The City of Ballarat holds one of regional Victoria's largest photographic archives, with tens of thousands of digitised images spanning the 1850s gold rush through to the late twentieth century. A growing share of that collection — archivists have flagged the figure internally as potentially one in five scanned items — consists of duplicates: the same print or glass negative captured multiple times across different digitisation rounds, then catalogued under different file names and metadata tags. The result is inflated storage costs, slower public search results, and hours of staff time spent on manual review.
The problem has sharpened in 2026 because several major funding deadlines are converging. The State Library of Victoria's Digitisation Partnership Program is mid-cycle, and Sovereign Hill Museums Association — which manages its own photographic records related to Ballarat's colonial and mining heritage on Bradshaw Street — has been expanding its digital access offerings ahead of a planned gallery refresh. When institutions apply for grants under programs like the Australian Research Council's Linkage Projects scheme, duplicate-heavy collections weaken the case for fresh capital by suggesting poor data governance.
A Problem With Deep Roots in Gold Country
Ballarat's situation is not unique, but its heritage intensity makes it acute. The city's gold-rush origins mean that institutions including the Art Gallery of Ballarat on Lydiard Street North and the Ballarat Mechanics' Institute on Sturt Street have independently digitised overlapping holdings — sometimes the same donated photograph appearing in three separate institutional repositories. Deduplication software can flag near-identical pixel arrays, but heritage photographs present a specific challenge: a faded original and a restored copy of the same image will often fool automated tools into treating them as distinct items.
Globally, cities with comparable heritage photography burdens have taken different approaches. Salzburg, Austria, working through its Stadtarchiv, completed a two-year AI-assisted deduplication project in 2024 that it says reduced its digital image count by roughly 18 percent while retaining all unique archival content. Dunedin, New Zealand — a city whose Scottish settler heritage gives it a photographic archive density similar to Ballarat's — deployed open-source perceptual hashing tools across the Hocken Collections at the University of Otago starting in late 2023, a lower-cost approach that required significant volunteer indexing hours. Neither model transplants directly to Ballarat, where institutional ownership is fragmented across council, state-linked bodies, and private associations.
What Ballarat's Institutions Are Doing Now
The Art Gallery of Ballarat, which holds more than 6,000 works including a substantial photography collection, has been working with the Collections Council of Australia's frameworks for shared metadata standards. The Mechanics' Institute — which celebrated 170 years of operation in 2021 — manages its own catalogue through the Australian Microforms and Digitised Records Program. Neither institution has publicly committed to a unified deduplication initiative, though the City of Ballarat's Digital Strategy, adopted in 2023, flags interoperability between council-managed datasets as a medium-term goal.

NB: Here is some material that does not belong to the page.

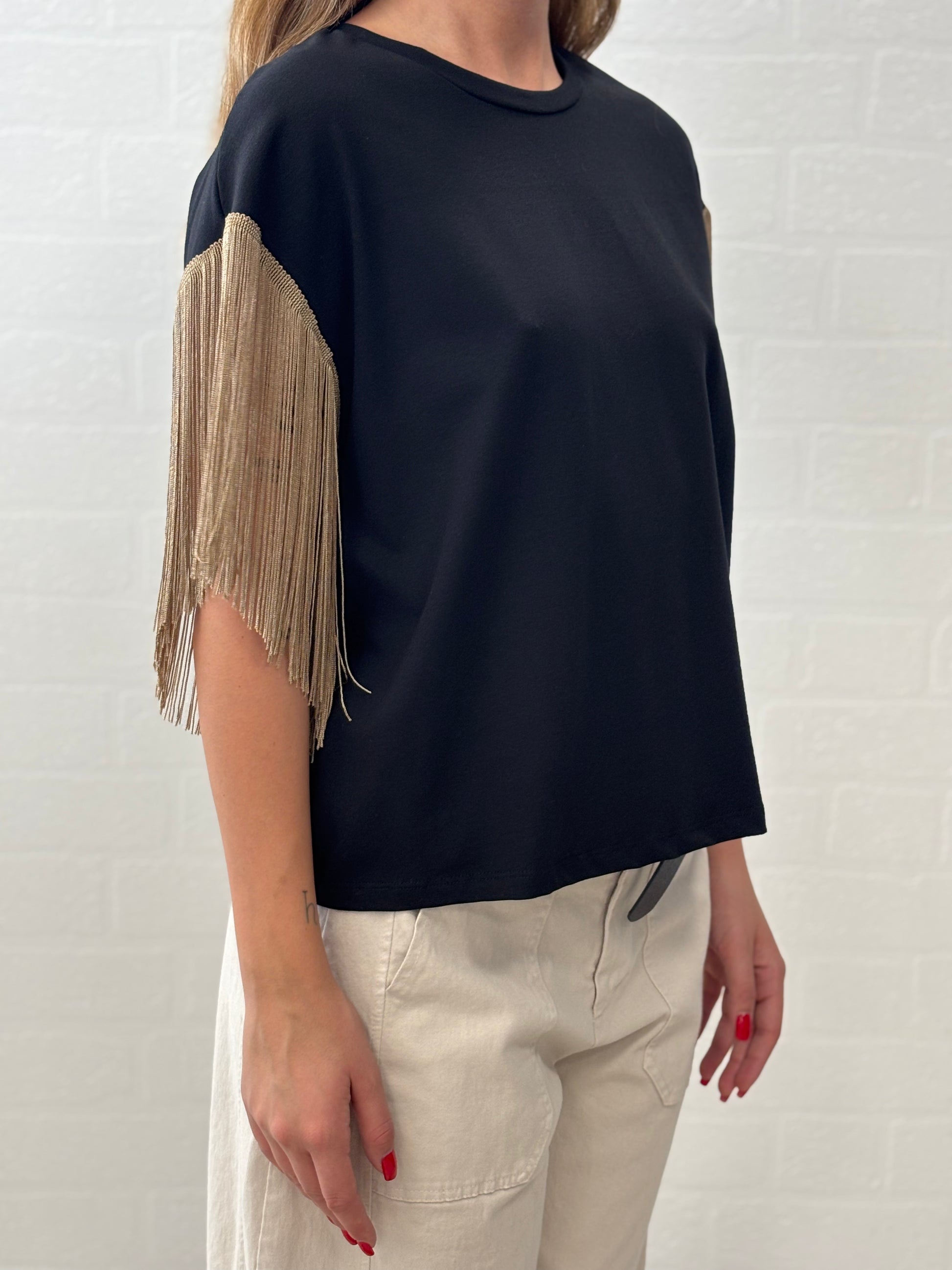 Susy Mix t-shirt mm con frangia beige NERO

The financial stakes are real. Cloud storage for uncompressed archival-quality TIFF files — the standard format for heritage digitisation — runs to roughly $80 to $120 per terabyte per month on Australian-hosted platforms, according to publicly available pricing from providers including AWS Sydney and Microsoft Azure. A collection carrying 20 percent redundant files is paying a proportionate premium every month while those duplicates sit unchecked.
Heritage Victoria's current granting rounds, open through August 2026, include provisions for collections management infrastructure, which archivists in the sector have noted could be applied to deduplication tooling — though the program prioritises physical conservation over digital workflows in its published criteria.
The most practical near-term step available to Ballarat's institutions is a coordinated audit using existing tools. The Smithsonian Institution in Washington published its deduplication methodology under a Creative Commons licence in 2022, and several Australian regional galleries have adapted it at minimal cost. Ballarat's archivists, spread across Lydiard Street and Bradshaw Street and the Sturt Street corridor, already have the expertise. The missing ingredient is a formal agreement to look at each other's catalogues in the same room at the same time.